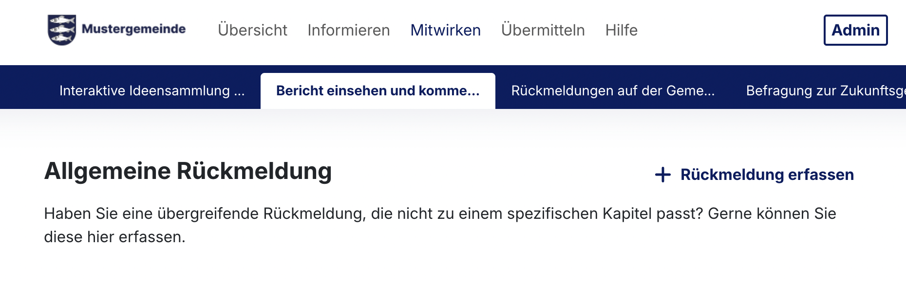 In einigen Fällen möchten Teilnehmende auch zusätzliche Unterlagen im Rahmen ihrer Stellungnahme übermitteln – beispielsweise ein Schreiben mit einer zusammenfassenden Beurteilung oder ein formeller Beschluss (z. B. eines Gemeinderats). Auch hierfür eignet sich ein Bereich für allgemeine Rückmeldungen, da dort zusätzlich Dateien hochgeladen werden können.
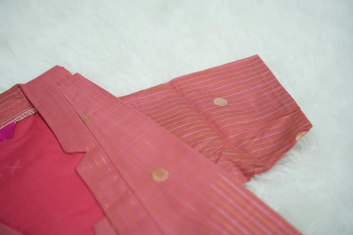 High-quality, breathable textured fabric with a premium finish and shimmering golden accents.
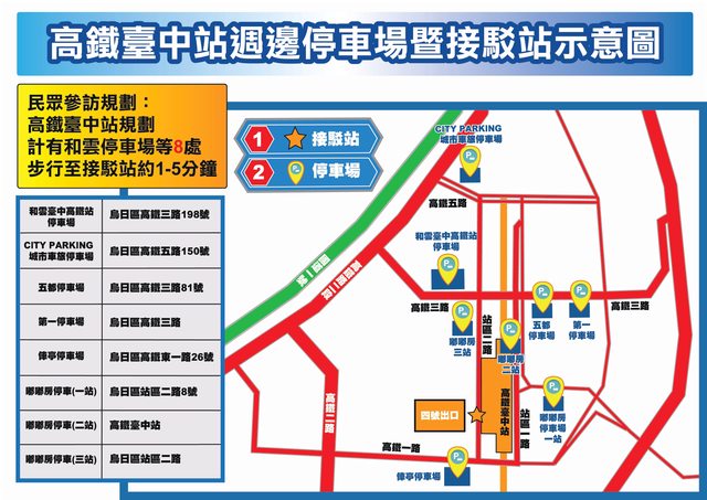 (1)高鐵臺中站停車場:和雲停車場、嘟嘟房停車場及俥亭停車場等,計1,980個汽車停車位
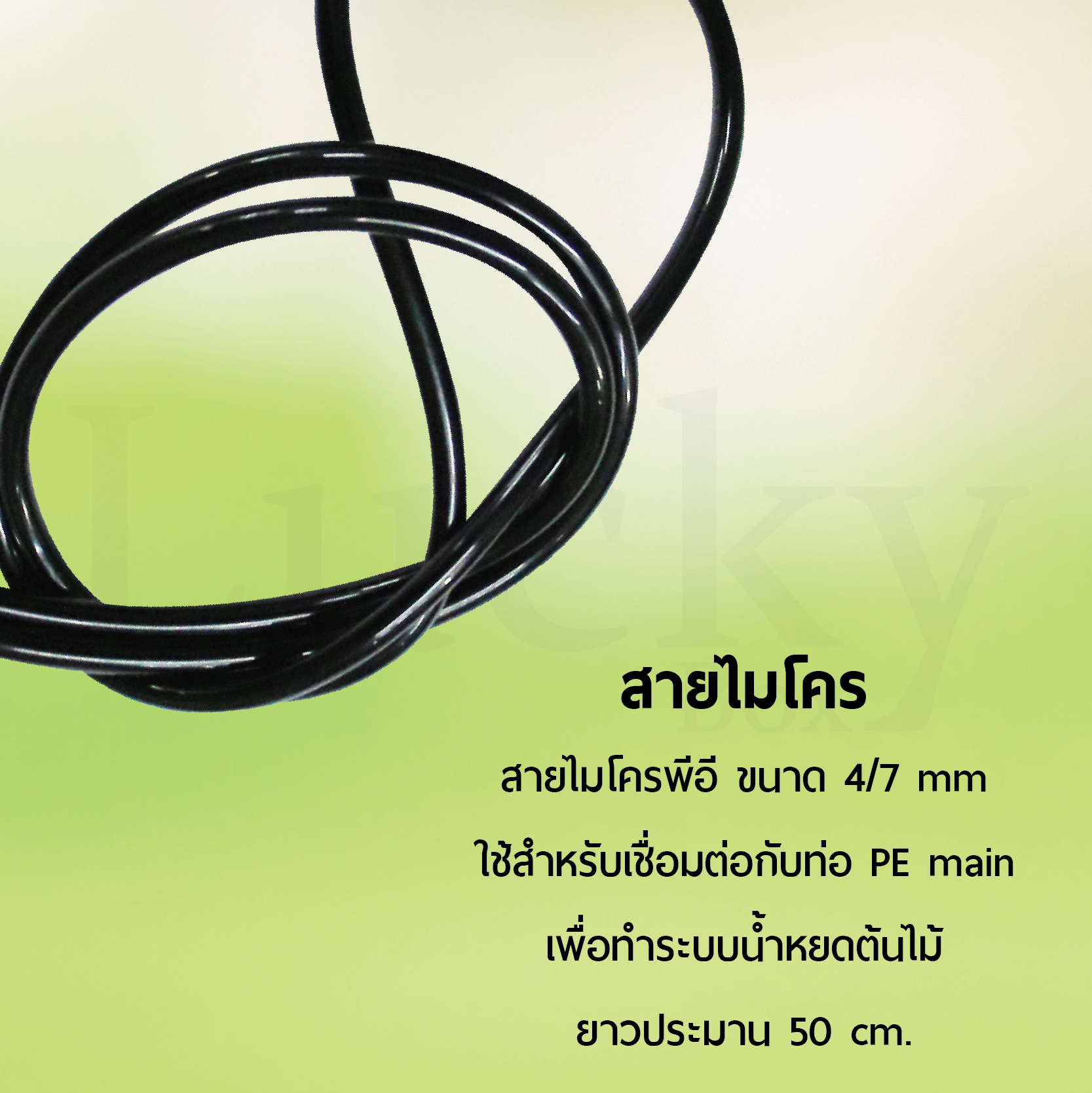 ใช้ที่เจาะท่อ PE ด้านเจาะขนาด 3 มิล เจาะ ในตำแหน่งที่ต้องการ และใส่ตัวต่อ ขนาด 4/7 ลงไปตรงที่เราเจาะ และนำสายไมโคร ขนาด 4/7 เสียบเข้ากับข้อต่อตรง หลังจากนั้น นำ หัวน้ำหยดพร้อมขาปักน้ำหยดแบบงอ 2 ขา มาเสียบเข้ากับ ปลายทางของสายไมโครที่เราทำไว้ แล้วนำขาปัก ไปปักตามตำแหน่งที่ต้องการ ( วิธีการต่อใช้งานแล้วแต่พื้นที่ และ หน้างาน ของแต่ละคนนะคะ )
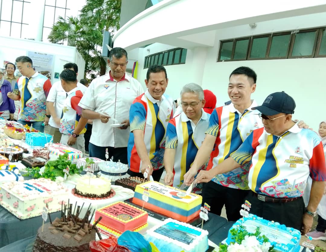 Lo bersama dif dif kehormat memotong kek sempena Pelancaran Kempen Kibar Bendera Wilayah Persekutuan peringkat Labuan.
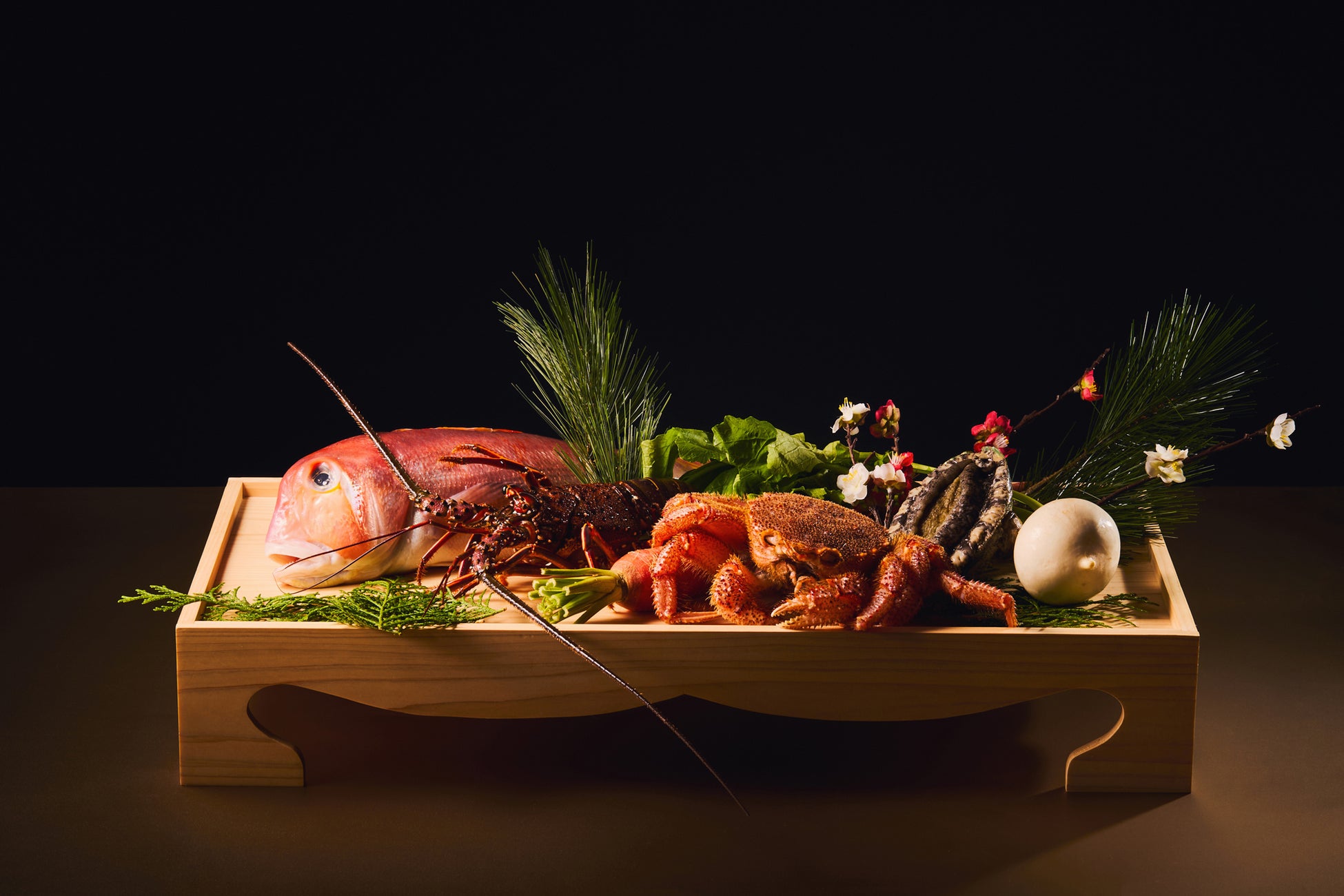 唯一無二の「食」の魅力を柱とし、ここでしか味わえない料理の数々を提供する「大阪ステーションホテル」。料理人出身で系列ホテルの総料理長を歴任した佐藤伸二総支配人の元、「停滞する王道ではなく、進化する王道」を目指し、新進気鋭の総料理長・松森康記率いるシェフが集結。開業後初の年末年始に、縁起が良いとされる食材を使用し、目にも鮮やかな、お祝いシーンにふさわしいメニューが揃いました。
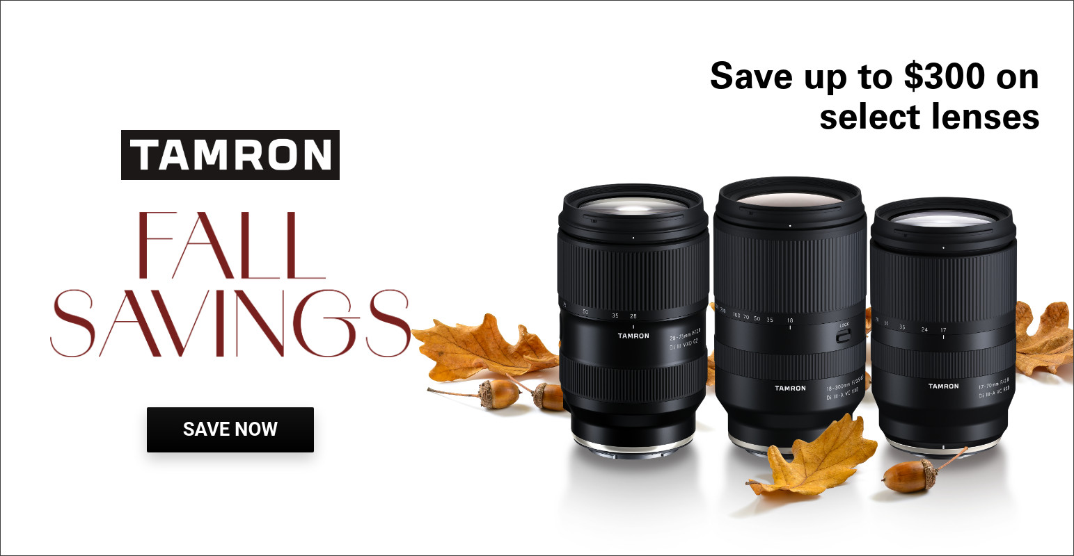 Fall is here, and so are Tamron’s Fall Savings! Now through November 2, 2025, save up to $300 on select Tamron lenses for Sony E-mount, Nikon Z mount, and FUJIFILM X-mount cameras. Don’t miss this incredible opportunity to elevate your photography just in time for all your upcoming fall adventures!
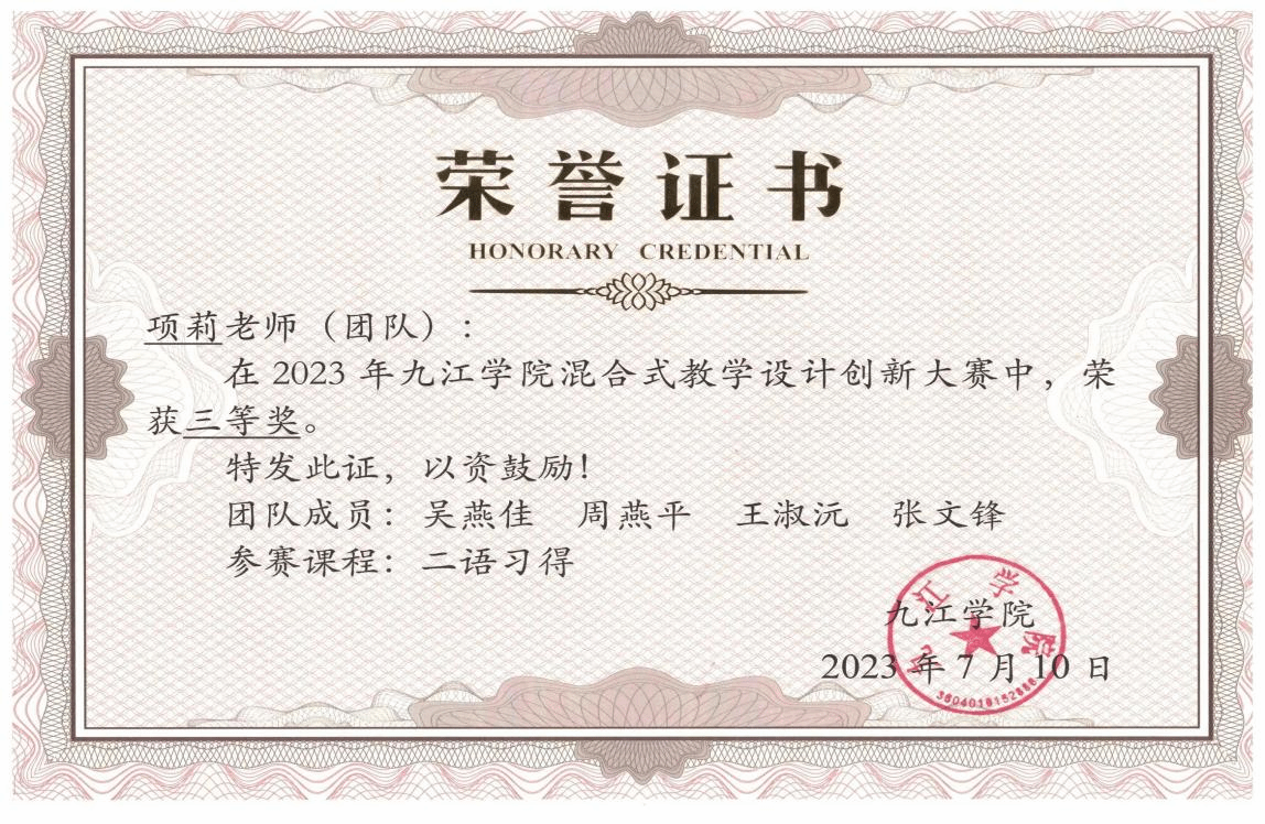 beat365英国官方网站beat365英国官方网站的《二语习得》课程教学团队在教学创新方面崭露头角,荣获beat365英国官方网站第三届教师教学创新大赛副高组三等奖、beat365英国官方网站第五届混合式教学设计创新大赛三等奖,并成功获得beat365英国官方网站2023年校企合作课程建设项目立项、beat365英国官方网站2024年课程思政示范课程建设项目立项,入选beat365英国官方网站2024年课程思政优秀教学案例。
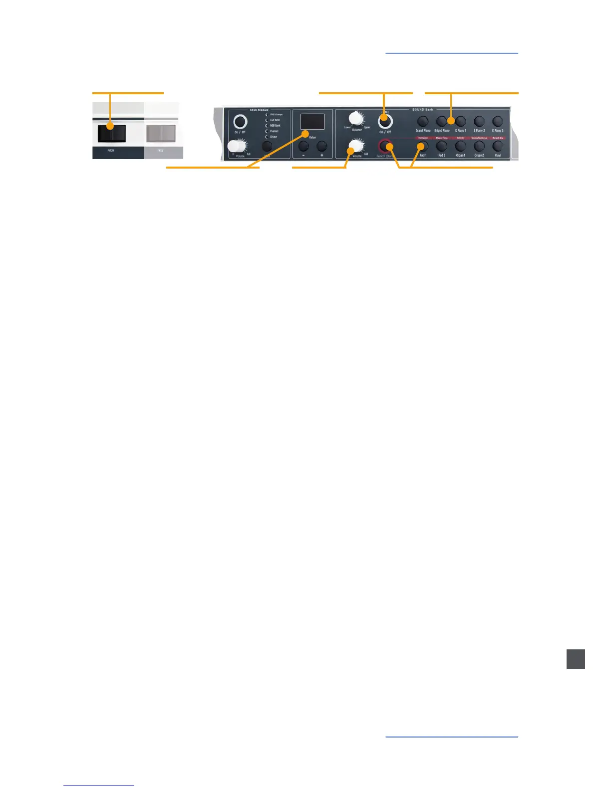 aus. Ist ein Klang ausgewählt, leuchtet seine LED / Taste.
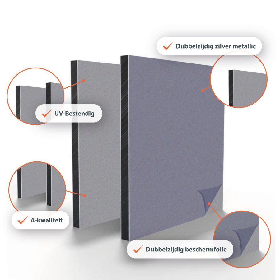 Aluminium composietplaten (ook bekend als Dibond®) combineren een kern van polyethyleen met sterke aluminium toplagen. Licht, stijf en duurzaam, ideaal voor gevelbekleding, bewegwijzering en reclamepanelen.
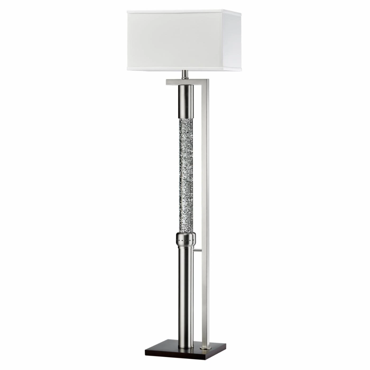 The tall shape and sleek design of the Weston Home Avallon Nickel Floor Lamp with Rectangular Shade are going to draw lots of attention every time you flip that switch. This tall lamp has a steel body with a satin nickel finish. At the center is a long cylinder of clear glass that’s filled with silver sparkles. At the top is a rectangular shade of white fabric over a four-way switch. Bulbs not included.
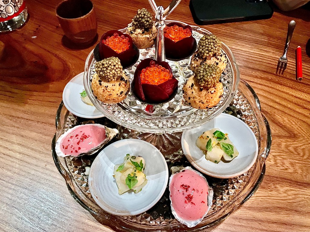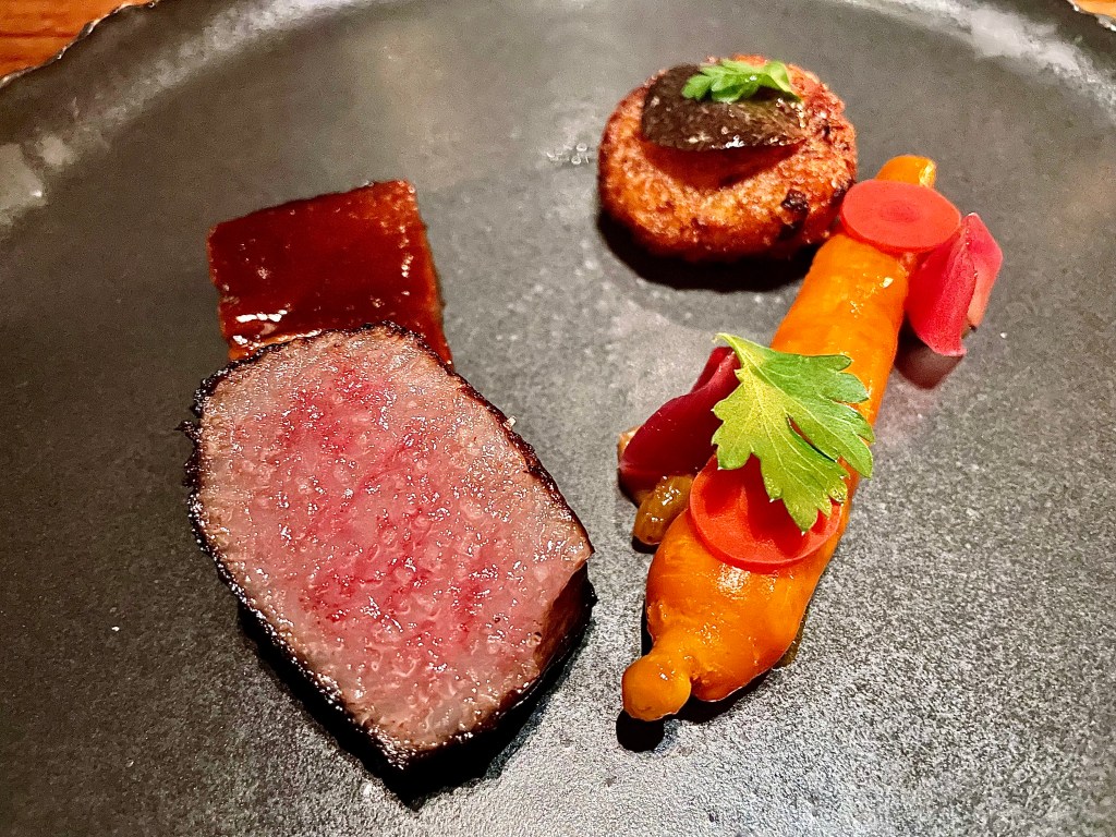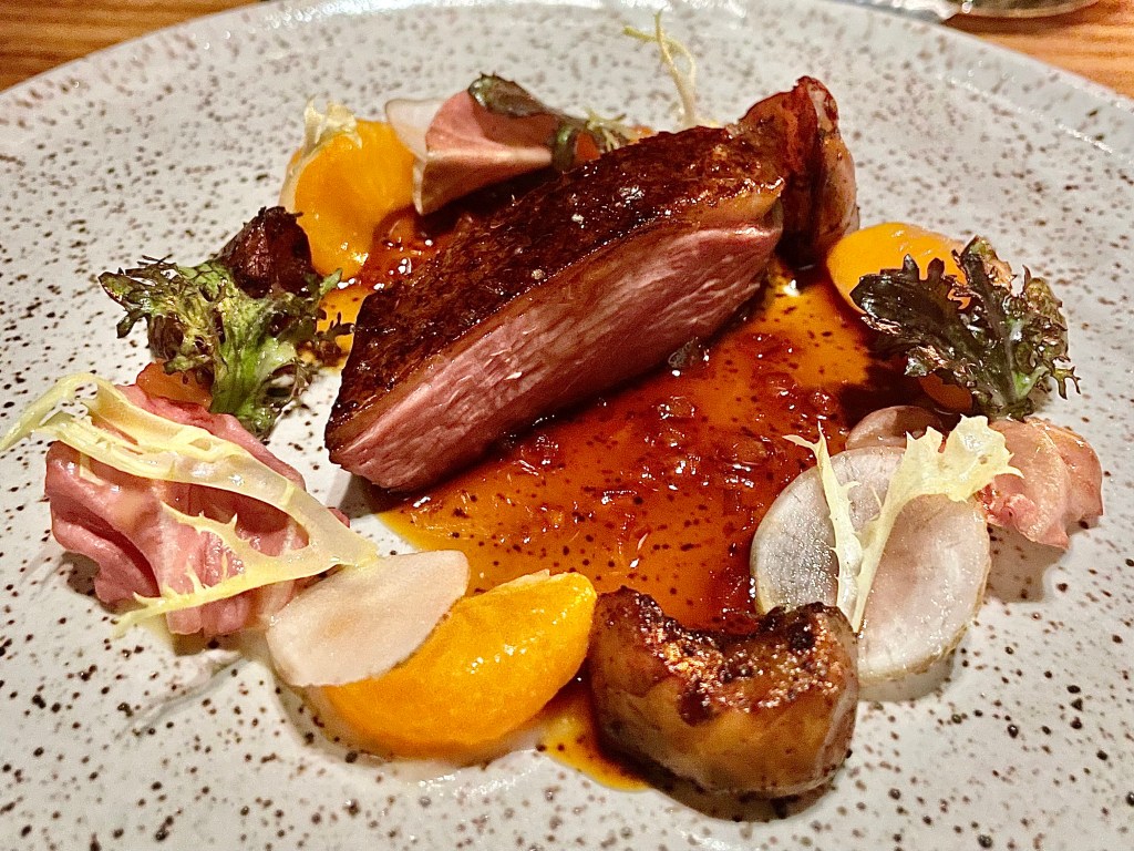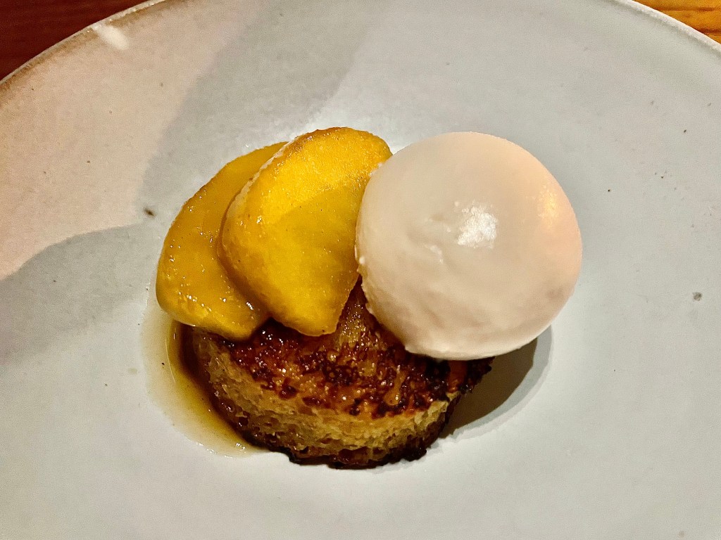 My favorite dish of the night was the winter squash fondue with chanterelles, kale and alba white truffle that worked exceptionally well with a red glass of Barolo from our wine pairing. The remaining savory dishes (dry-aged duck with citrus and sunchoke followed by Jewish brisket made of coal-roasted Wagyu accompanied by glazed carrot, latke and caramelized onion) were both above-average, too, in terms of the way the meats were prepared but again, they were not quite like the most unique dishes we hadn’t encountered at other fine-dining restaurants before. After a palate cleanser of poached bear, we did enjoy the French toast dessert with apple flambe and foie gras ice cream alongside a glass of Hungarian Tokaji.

• [Task item]: A verbatim transcription of the listing is expected, with no pictures included.

• [Result for this exercise]:
 In einigen Fällen möchten Teilnehmende auch zusätzliche Unterlagen im Rahmen ihrer Stellungnahme übermitteln – beispielsweise ein Schreiben mit einer zusammenfassenden Beurteilung oder ein formeller Beschluss (z. B. eines Gemeinderats). Auch hierfür eignet sich ein Bereich für allgemeine Rückmeldungen, da dort zusätzlich Dateien hochgeladen werden können.
 High-quality, breathable textured fabric with a premium finish and shimmering golden accents.
 (1)高鐵臺中站停車場:和雲停車場、嘟嘟房停車場及俥亭停車場等,計1,980個汽車停車位
 ใช้ที่เจาะท่อ PE ด้านเจาะขนาด 3 มิล เจาะ ในตำแหน่งที่ต้องการ และใส่ตัวต่อ ขนาด 4/7 ลงไปตรงที่เราเจาะ และนำสายไมโคร ขนาด 4/7 เสียบเข้ากับข้อต่อตรง หลังจากนั้น นำ หัวน้ำหยดพร้อมขาปักน้ำหยดแบบงอ 2 ขา มาเสียบเข้ากับ ปลายทางของสายไมโครที่เราทำไว้ แล้วนำขาปัก ไปปักตามตำแหน่งที่ต้องการ ( วิธีการต่อใช้งานแล้วแต่พื้นที่ และ หน้างาน ของแต่ละคนนะคะ )
 Lo bersama dif dif kehormat memotong kek sempena Pelancaran Kempen Kibar Bendera Wilayah Persekutuan peringkat Labuan.
 唯一無二の「食」の魅力を柱とし、ここでしか味わえない料理の数々を提供する「大阪ステーションホテル」。料理人出身で系列ホテルの総料理長を歴任した佐藤伸二総支配人の元、「停滞する王道ではなく、進化する王道」を目指し、新進気鋭の総料理長・松森康記率いるシェフが集結。開業後初の年末年始に、縁起が良いとされる食材を使用し、目にも鮮やかな、お祝いシーンにふさわしいメニューが揃いました。
 Fall is here, and so are Tamron’s Fall Savings! Now through November 2, 2025, save up to $300 on select Tamron lenses for Sony E-mount, Nikon Z mount, and FUJIFILM X-mount cameras. Don’t miss this incredible opportunity to elevate your photography just in time for all your upcoming fall adventures!
 beat365英国官方网站beat365英国官方网站的《二语习得》课程教学团队在教学创新方面崭露头角,荣获beat365英国官方网站第三届教师教学创新大赛副高组三等奖、beat365英国官方网站第五届混合式教学设计创新大赛三等奖,并成功获得beat365英国官方网站2023年校企合作课程建设项目立项、beat365英国官方网站2024年课程思政示范课程建设项目立项,入选beat365英国官方网站2024年课程思政优秀教学案例。
 aus. Ist ein Klang ausgewählt, leuchtet seine LED / Taste.
 Aluminium composietplaten (ook bekend als Dibond®) combineren een kern van polyethyleen met sterke aluminium toplagen. Licht, stijf en duurzaam, ideaal voor gevelbekleding, bewegwijzering en reclamepanelen.
 The tall shape and sleek design of the Weston Home Avallon Nickel Floor Lamp with Rectangular Shade are going to draw lots of attention every time you flip that switch. This tall lamp has a steel body with a satin nickel finish. At the center is a long cylinder of clear glass that’s filled with silver sparkles. At the top is a rectangular shade of white fabric over a four-way switch. Bulbs not included.
 My favorite dish of the night was the winter squash fondue with chanterelles, kale and alba white truffle that worked exceptionally well with a red glass of Barolo from our wine pairing. The remaining savory dishes (dry-aged duck with citrus and sunchoke followed by Jewish brisket made of coal-roasted Wagyu accompanied by glazed carrot, latke and caramelized onion) were both above-average, too, in terms of the way the meats were prepared but again, they were not quite like the most unique dishes we hadn’t encountered at other fine-dining restaurants before. After a palate cleanser of poached bear, we did enjoy the French toast dessert with apple flambe and foie gras ice cream alongside a glass of Hungarian Tokaji.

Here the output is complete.